*Your assignment*
Print a faithful copy of the data below, word for word, with the pictures left out.

*Dataset section*

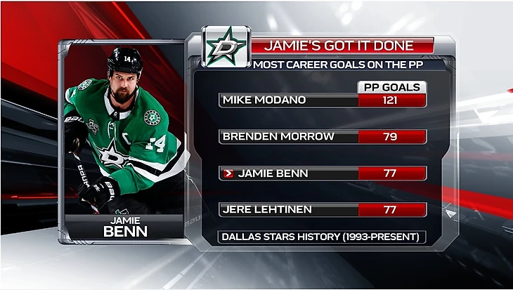 Форвард Dallas Stars Джейми Бенн делит 3-е место в списке снайперов Старз при игре в "большинстве" (после переезда клуба в Даллас);
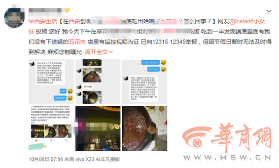 华商网讯 网友@iceland微博爆料称,10月5日下午8时左右自己和家人在翠花南路某知名网红串串店吃饭,吃到一半在锅底里捞出了五花肉,但是自己并没有点过五花肉,怀疑他们吃的锅底被“回了锅”!
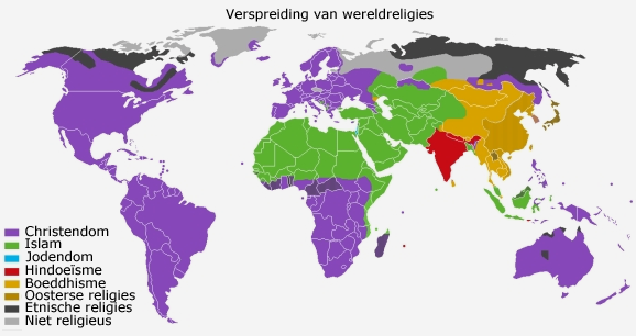 Verspreiding van de 5 wereldreligies

*Answer section*
 Форвард Dallas Stars Джейми Бенн делит 3-е место в списке снайперов Старз при игре в "большинстве" (после переезда клуба в Даллас);
 华商网讯 网友@iceland微博爆料称,10月5日下午8时左右自己和家人在翠花南路某知名网红串串店吃饭,吃到一半在锅底里捞出了五花肉,但是自己并没有点过五花肉,怀疑他们吃的锅底被“回了锅”!
 Verspreiding van de 5 wereldreligies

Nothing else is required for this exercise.